# Problème réseau entre Mac (Big Sur) et Windows 10



## Anouchkange-1 (17 Février 2022)

Bonjour,
J'ai un réseau avec 4 macs (petite entreprise). Pour utiliser Windows, nous utilisons Parallel Desktop.
Un des ordinateurs sert de serveur (les données sont stockées dessus), tous les autres se connectent à lui. Tout marche très bien entre Mac. Cela se complique lorsqu'on passe sur Windows :
Nous avons besoin d'accéder aux fichiers du Mac depuis Windows. La version de Windows est 10 (Parallel en version 16 - mais problème identique sur la 17). Le Mac (qui sert de serveur) est sous Big Sur (macbook pro avec puce M1).
Sur Windows, j'ai configuré la découverte du réseau, le nom de réseau Workgroup...
Sur Mac j'ai activité le partage de fichier, partage SMB, vérifier le nom du groupe de travail Workgroup.
Mais rien n'y fait, le mac n'est pas visible depuis Windows. Windows voit bien les autres windows par contre (ceux qui sont émulés sur les autres Mac), il voit le propre Mac qui l'héberge, mais c'est tout, pas le Mac (serveur).
Quelqu'un voit-il le problème ?
Merci d'avance,


----------



## Anouchkange-1 (18 Février 2022)

Je précise que dans les réglages réseaux de Parallel, j'ai activé "réseau ponté"  et non "réseau partagé" comme cela est recommandé. En effet, lorsque j'active "réseau partagé", je ne vois même plus les PC du réseau local.


----------



## zeltron54 (18 Février 2022)

Bonjour,

Bien que je ne sois pas spécialiste en réseau, il me semble que les disques mac, depuis Mojave, dont formaté au format APFS, format qui n'est pas connu ni reconnu par Window.
Il existe peut être une solution, chez "Paragon" il y a un logiciel qui permet à window de gérer l'APFS,  à Voir je n'ai jamais essayé.


----------



## kasimodem (18 Février 2022)

Bonjour,

Le protocole de découverte de réseau de Windows est spécifique, il ne fonctionnera pas forcément sur Mac, surtout avec le firewall intégré des Mac.
Mais en fait peu importe, ce que tu veux c'est juste accéder à un partage, pas visiter tout ton réseau.
Dans l'explorateur Windows, quand tu es sur "Ce PC" à gauche, clique sur "Connecter un lecteur réseau" en haut et tu entres \\nom_du_mac_serveur_smb\nom_du_dossier_partagé_smb et tu coches "Se reconnecter".
Selon les droits d'accès que tu as mis sur le dossier partagé depuis le Mac, soit ça fonctionne automatiquement, soit il faut entrer les identifiants du compte autorisé à accéder.

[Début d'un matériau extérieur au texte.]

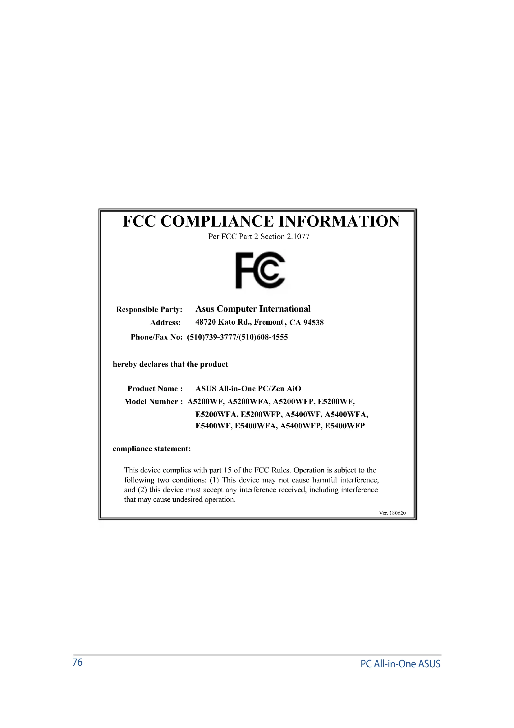 compliance statement: This device complies with part 15 of the FCC Rules. Operation is subject to the following two conditions: (1) This device may not cause harmful interference, and (2) this device must accept any interference received, including interference that may cause undesired operation. Ver. 180620PC All-in-One ASUS 77Fabricant ASUSTek COMPUTER INC. Adresse 1F, No. 15, Lide Rd., Beitou, Taipei 112, Taïwan Numéro de téléphone +886-2-2894-3447 Représentant légal en Europe ASUS COMPUTER GmbH Adresse Harkortstrasse 21-23, 40880 Ratingen, Allemagne

EDIT : le formatage du disque n'a rien à voir, car on parle d'accès réseau SMB, ce qui est indépendant du type de disque source.


----------



## Anouchkange-1 (21 Février 2022)

Bonjour,
J'ai un peu galéré en indiquant \\nom_du_mac_serveur_smb\nom_du_dossier_partagé_smb puis j'ai fini par indiquer \\IP de l'ordinateur serveur et ça marche nickel. Merci beaucoup !


----------